I'm not even a nominal Christian and I've figured it out. Why can't many self-described Christians, whose actions seem to be more motivated out of hate than love, do the same? And why don't Americans, who would like to say that they stand for freedom and democracy, when the actions taken by their country – in their name – actively prevent the spread of these very values that we would like to think we value?

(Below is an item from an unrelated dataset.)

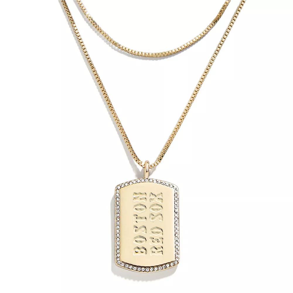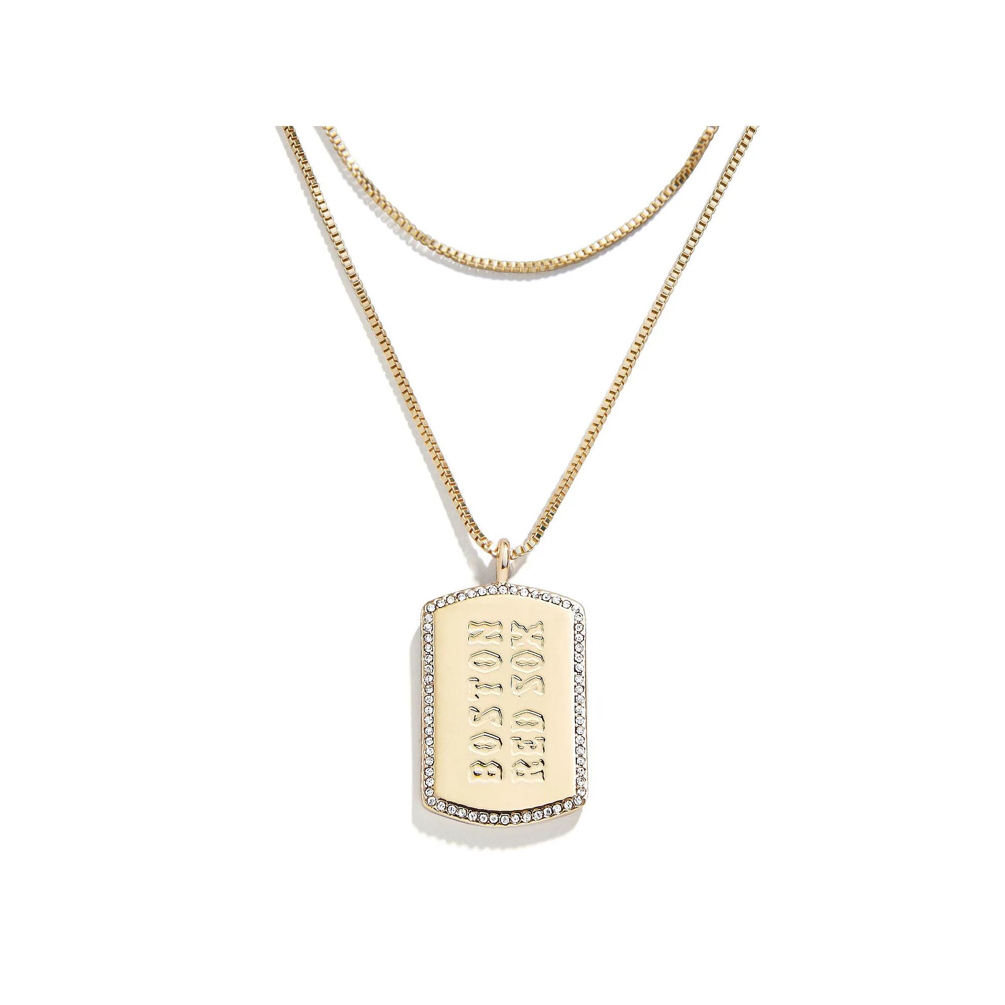 Make your team spirit sparkle and shine with this Boston Red Sox Dog Tag necklace. BaubleBar and WEAR by Erin Andrews collaborated to create this layered set featuring debossed details on both sides of the dog tag pendant and shimmering embellishments. A lobster claw clasp ensures this Boston Red Sox necklace fits just right.Make your team spirit sparkle and shine with this Boston Red Sox Dog Tag necklace. BaubleBar and WEAR by Erin Andrews collaborated to create this layered set featuring debossed details on both sides of the dog tag pendant and shimmering embellishments. A lobster claw clasp ensures this Boston Red Sox necklace fits just right.PRODUCT FEATURESDrop length measures approx. 11.5ImportedDog tag measures approx. 1HypoallergenicMaterial: 100% Gold-Plated Sterling SilverLobster claw clasp with 3.75 extenderDebossed graphicsGlass stonesLayeredWipe clean with a damp clothDouble-side designBrand: WEAR by Erin AndrewsOfficially licensed Size: One Size. Gender: female. Age Group: adult.

Americans need to stop, take a deep breath, and look both our recent history and foundational experiences squarely in the face. What you will notice is that the values evident in our actions between our foundational and present periods do not at all match. In fact, they are contradictory – just as contradictory as the Founding Fathers of our freedom who, for all their wisdom and political sagacity, owned other human beings. This inherent contradiction and failure of the Revolution worked itself out in the Civil War, and took yet another century to deal with the cultural leftovers of the racist economic institution of slavery. I hope it won't take a "fire next time" for Americans to start realizing that we are going to have to pay for the consequences of the contradictions between out ideology and actions.
I really wonder what it would be like to live in a powerful country that used its might for moral good, instead of unabashed self-interest. We could use our force – as well as restraint in using it – to gain the moral respect of the rest of the world. For better or worse, our Hollywood movies, Coca-Cola, and myriad other aspects of our culture have laid a cultural groundwork all over the world – the rest of the world tends to actually like the US in terms of the fantasy that they see portrayed as the "American way." It's the reality that doesn't match up. But as a concerned citizen of the world's most militarily powerful country, I am more disappointed at this dissonance than any non-American could be, since I know America's potential to be great; this is why it pains me to watch our country piss our once-respectable name away for no good reason nor greater benefit.